Estimating Hydrocarbon Volumes for Oil & Gas Fields
Volumetric analysis in oil and gas is a method used to estimate the amount of recoverable hydrocarbons present in a reservoir. It involves integrating geological and engineering data to calculate the volume of oil or gas in place.
Purpose of Volumetric Calculations: The data collected is used to estimate the volume of subsurface rock that contains hydrocarbons, determine the weighted average of the effective porosity, obtain a water resistivity value and calculate water saturation, and estimate if the reservoir is economical. (SEG Wiki)
Below I discuss some of the basic steps involved in volumetric calculations:
Determine the Gross Rock Volume (GRV): This is the total volume of the reservoir rock including both the porous and non-porous components. It can be calculated based on geological and geophysical data, using structural maps and depth conversion of seismic data, and well logs.
Calculate the Net-to-Gross Ratio (NTG): This is the proportion of the gross rock volume that is made up of the reservoir rock.

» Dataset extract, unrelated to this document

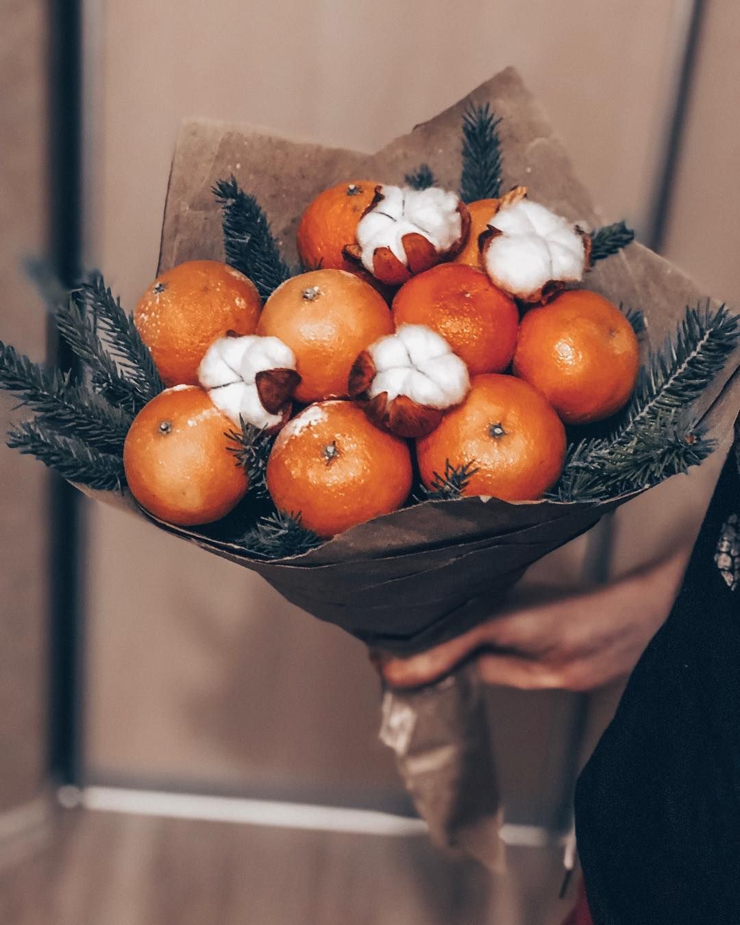 Состав букета: мандарин, хлопок, нобилис, упаковка, лента

It is the ratio of net reservoir rock thickness to gross reservoir rock thickness. It is a measure of the proportion of porous rock within the total rock volume. It can be determined from core data, well logs, and seismic data.
Net Rock Volume (NRV): Net rock volume is the volume of porous rock, and it is calculated by multiplying the gross rock volume by the net to gross ratio.
NRV = GRV * NTG
Estimate Porosity: Porosity is the ratio of the void space (pore volume) in the rock to the total volume of the rock. It is obtained from well logs and core samples. Different rocks have different porosities, influencing their ability to store hydrocarbons.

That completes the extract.